__Problem to work on__. Every line from the first one in the data below through the line holding "A Rachell csíkos" is to be written out exactly, with the pictures omitted.

__Dataset excerpt__.
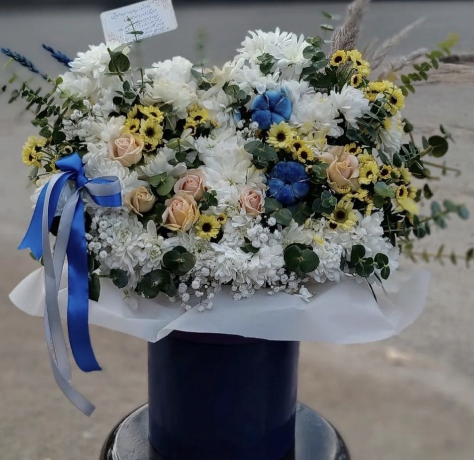 مشخصات محصول: باکس گل برسام شامل رزمینیاتوری گلبهی، میخک لیمویی، داوودی سفید و برگ اکالیپتوس میباشد که با گل خشک سرمه ای، پنبه آبی، کاغذ لیمویی و روبان در گلدان سرمه ای فلزی تزیین شده است.
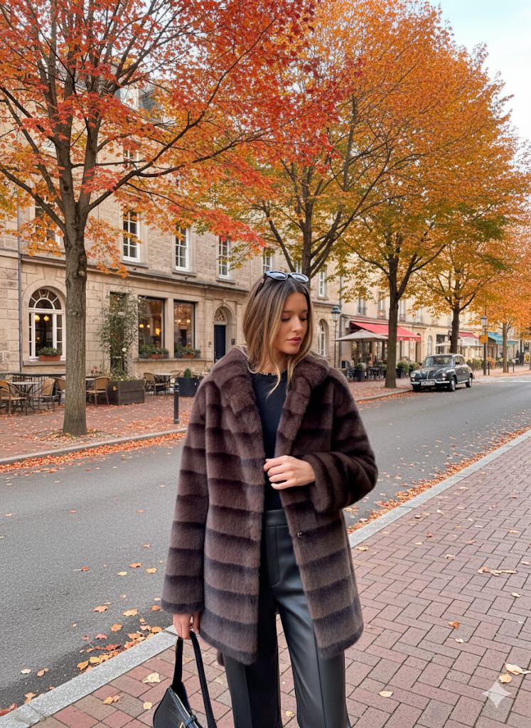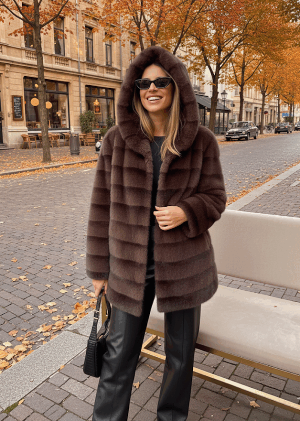 A Rachell csíkos szőrme kabát puha, elegáns és stílusos választás az őszi-téli időszakra. Kapucnival, zsebekkel és öv bújtatóval rendelkezik, méret nélküli kialakítása S–XL méretig ideális.
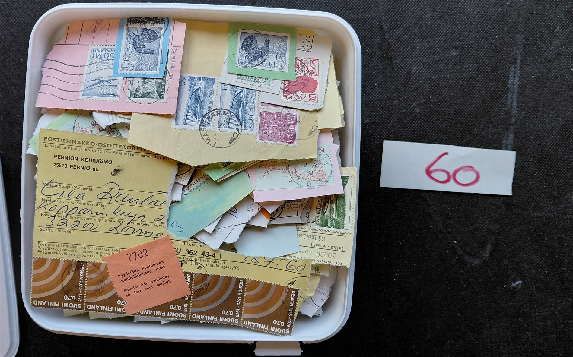 6. I tillegg til salgssummen kommer 10 % salær + omkostninger ved pakking, spedisjon, forsikring, porto etc. Auksjonen benytter Posten/Bring ved sending. Skal objektene sendes, vent med betaling til porto er lagt til. På brevforsendelser frankeres med frimerker som legges i plastlomme utenpå sendingene.

__Result below__.
 مشخصات محصول: باکس گل برسام شامل رزمینیاتوری گلبهی، میخک لیمویی، داوودی سفید و برگ اکالیپتوس میباشد که با گل خشک سرمه ای، پنبه آبی، کاغذ لیمویی و روبان در گلدان سرمه ای فلزی تزیین شده است.
 A Rachell csíkos szőrme kabát puha, elegáns és stílusos választás az őszi-téli időszakra. Kapucnival, zsebekkel és öv bújtatóval rendelkezik, méret nélküli kialakítása S–XL méretig ideális.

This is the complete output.